After power.runtime_status of consumer 0:0:0:0 was changed to RPM_SUSPENDED and before scsi_runtime_idle retval was -16(EBUSY) to __rpm_callback, power.runtime_status of consumer 0:0:0:0 was changed to RPM_RESUMING and hence condition 3 became true and __rpm_put_suppliers was called and hence consumer resumed with decremented usage_count due to this race condition.

Please let me know your thoughts on this.

Regards,
Nitin

On 8/2/2022 7:03 PM, Peter Wang wrote:

On 8/2/22 7:01 PM, Rafael J. Wysocki wrote:
On Tue, Aug 2, 2022 at 5:19 AM Peter Wang <peter.wang@xxxxxxxxxxxx> wrote:

Hi Rafael,

Yes, it is very clear!
I miss this important key point that usage_count is always >
rpm_active 1.
I think this patch could work.

Thanks.
Peter




Hi Rafael,

After test with commit ("887371066039011144b4a94af97d9328df6869a2 PM:
runtime: Fix supplier device management during consumer probe") past weeks,
The supplier still suspend when consumer is active "after"
pm_runtime_put_suppliers.
Do you have any idea about that?
Well, this means that the consumer probe doesn't bump up the
supplier's PM-runtime usage counter as appropriate.

You need to tell me more about what happens during the consumer probe.
Which driver is this?

Hi Rafael,

I have the same idea with you.
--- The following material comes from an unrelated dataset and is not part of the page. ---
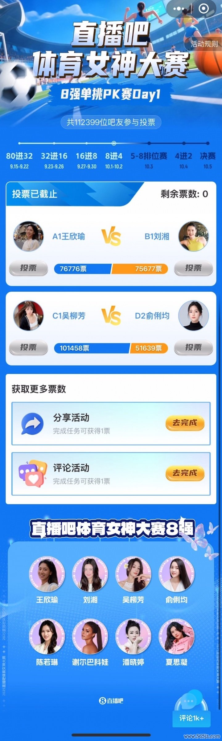 小组赛期间, 乒乓球资讯您可以为所有小组的任何一位您喜爱的女神投票。

But I still don't know how it could happen.

It is upstream ufs driver in scsi system. Here is call flow
do_scan_async (process 1)
    do_scsi_scan_host
        scsi_scan_host_selected
            scsi_scan_channel
                __scsi_scan_target
                    scsi_probe_and_add_lun
                        scsi_alloc_sdev
                            slave_alloc     -> setup link
                        scsi_add_lun
                            slave_configure    -> enable rpm
                            scsi_sysfs_add_sdev
                                scsi_autopm_get_device    <- get runtime pm
                                device_add                <- invoke sd_probe in process 2
                                scsi_autopm_put_device    <- put runtime pm, point 1

driver_probe_device (process 2)
    __driver_probe_device
        pm_runtime_get_suppliers
            really_probe
                sd_probe
                    scsi_autopm_get_device                <- get runtime pm, point 2
                    pm_runtime_set_autosuspend_delay    <- set rpm delay to 2s
                    scsi_autopm_put_device                <- put runtime pm
        pm_runtime_put_suppliers                        <- (link->rpm_active = 1)

After process 1 call scsi_autopm_put_device(point 1) let consumer enter suspend,
process 2 call scsi_autopm_get_device(point 2) may have chance resume consumer but not
bump up the supplier's PM-runtime usage counter as appropriate.

Thanks.
Peter